***** MATERIAL FOR THIS TASK *****

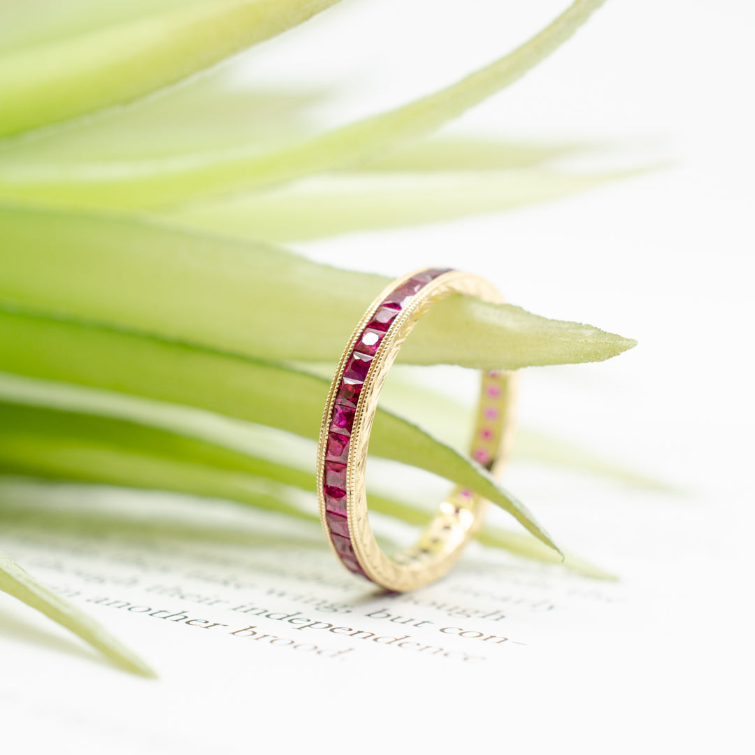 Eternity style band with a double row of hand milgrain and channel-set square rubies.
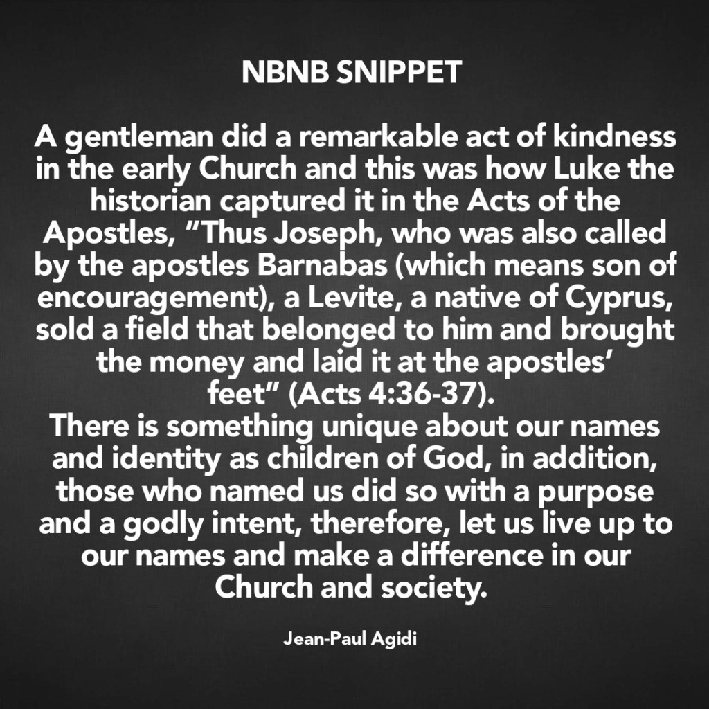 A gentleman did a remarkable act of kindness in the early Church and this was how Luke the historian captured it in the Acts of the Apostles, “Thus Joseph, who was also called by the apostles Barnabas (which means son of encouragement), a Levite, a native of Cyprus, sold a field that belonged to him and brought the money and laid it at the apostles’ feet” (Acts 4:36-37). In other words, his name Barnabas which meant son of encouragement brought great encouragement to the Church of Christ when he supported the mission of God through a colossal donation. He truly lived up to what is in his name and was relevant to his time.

*****
***** MATERIAL FOR THIS TASK *****

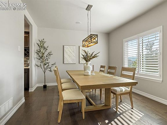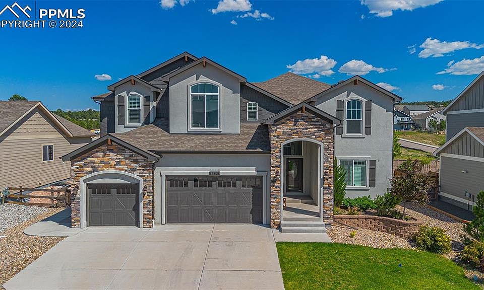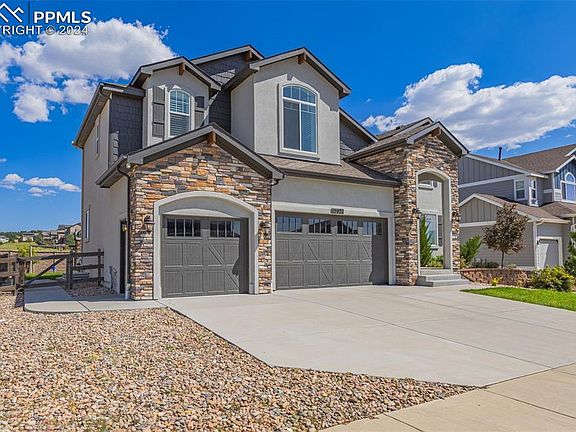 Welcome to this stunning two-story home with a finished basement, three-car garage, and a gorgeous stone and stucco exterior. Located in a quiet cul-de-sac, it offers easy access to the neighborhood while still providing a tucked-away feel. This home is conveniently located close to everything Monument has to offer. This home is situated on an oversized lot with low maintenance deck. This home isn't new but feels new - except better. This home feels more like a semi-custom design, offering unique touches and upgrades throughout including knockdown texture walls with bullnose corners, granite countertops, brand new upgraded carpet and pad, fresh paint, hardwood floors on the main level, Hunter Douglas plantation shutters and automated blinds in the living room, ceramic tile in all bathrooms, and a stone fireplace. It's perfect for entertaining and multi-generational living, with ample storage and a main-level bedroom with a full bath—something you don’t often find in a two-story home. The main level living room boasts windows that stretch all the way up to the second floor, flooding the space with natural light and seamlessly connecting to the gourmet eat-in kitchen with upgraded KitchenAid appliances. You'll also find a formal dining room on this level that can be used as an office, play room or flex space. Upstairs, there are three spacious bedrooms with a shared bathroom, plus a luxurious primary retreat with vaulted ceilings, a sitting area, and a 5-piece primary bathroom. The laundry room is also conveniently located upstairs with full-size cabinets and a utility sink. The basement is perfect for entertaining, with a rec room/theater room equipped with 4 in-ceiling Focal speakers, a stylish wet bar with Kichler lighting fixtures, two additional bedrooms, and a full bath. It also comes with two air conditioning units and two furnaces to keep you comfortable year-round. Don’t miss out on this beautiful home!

*****
***** MATERIAL FOR THIS TASK *****

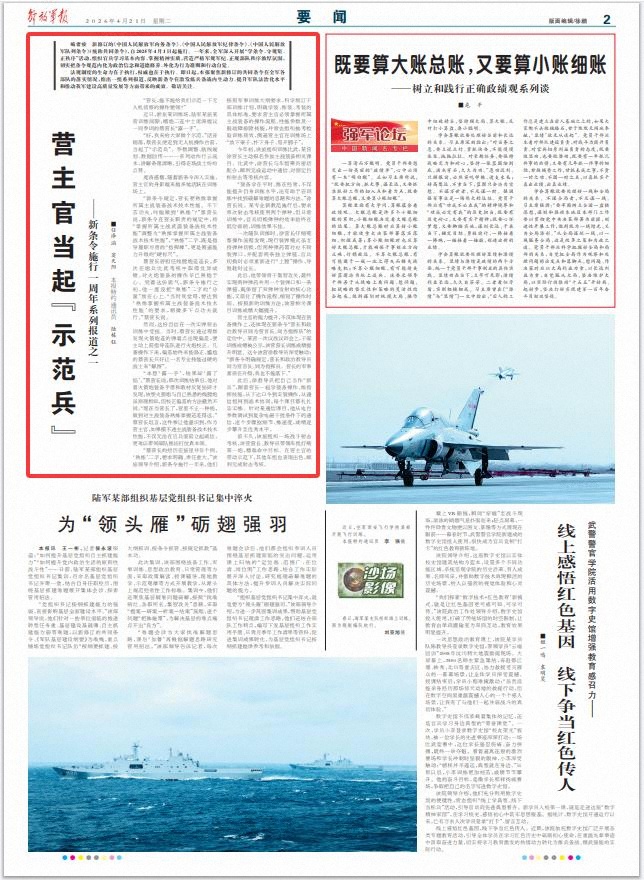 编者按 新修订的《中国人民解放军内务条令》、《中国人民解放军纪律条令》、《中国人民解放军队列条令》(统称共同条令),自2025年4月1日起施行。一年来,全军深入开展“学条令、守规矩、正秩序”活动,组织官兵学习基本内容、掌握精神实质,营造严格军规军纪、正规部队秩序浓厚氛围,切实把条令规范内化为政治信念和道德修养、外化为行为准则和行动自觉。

*****

▶ [WHAT IS BEING ASKED]: From the line containing "Eternity style band" through the line containing "A gentleman did", copy every line above exactly, without pictures.

▶ [WRITTEN RESPONSE]:
 Eternity style band with a double row of hand milgrain and channel-set square rubies.
 A gentleman did a remarkable act of kindness in the early Church and this was how Luke the historian captured it in the Acts of the Apostles, “Thus Joseph, who was also called by the apostles Barnabas (which means son of encouragement), a Levite, a native of Cyprus, sold a field that belonged to him and brought the money and laid it at the apostles’ feet” (Acts 4:36-37). In other words, his name Barnabas which meant son of encouragement brought great encouragement to the Church of Christ when he supported the mission of God through a colossal donation. He truly lived up to what is in his name and was relevant to his time.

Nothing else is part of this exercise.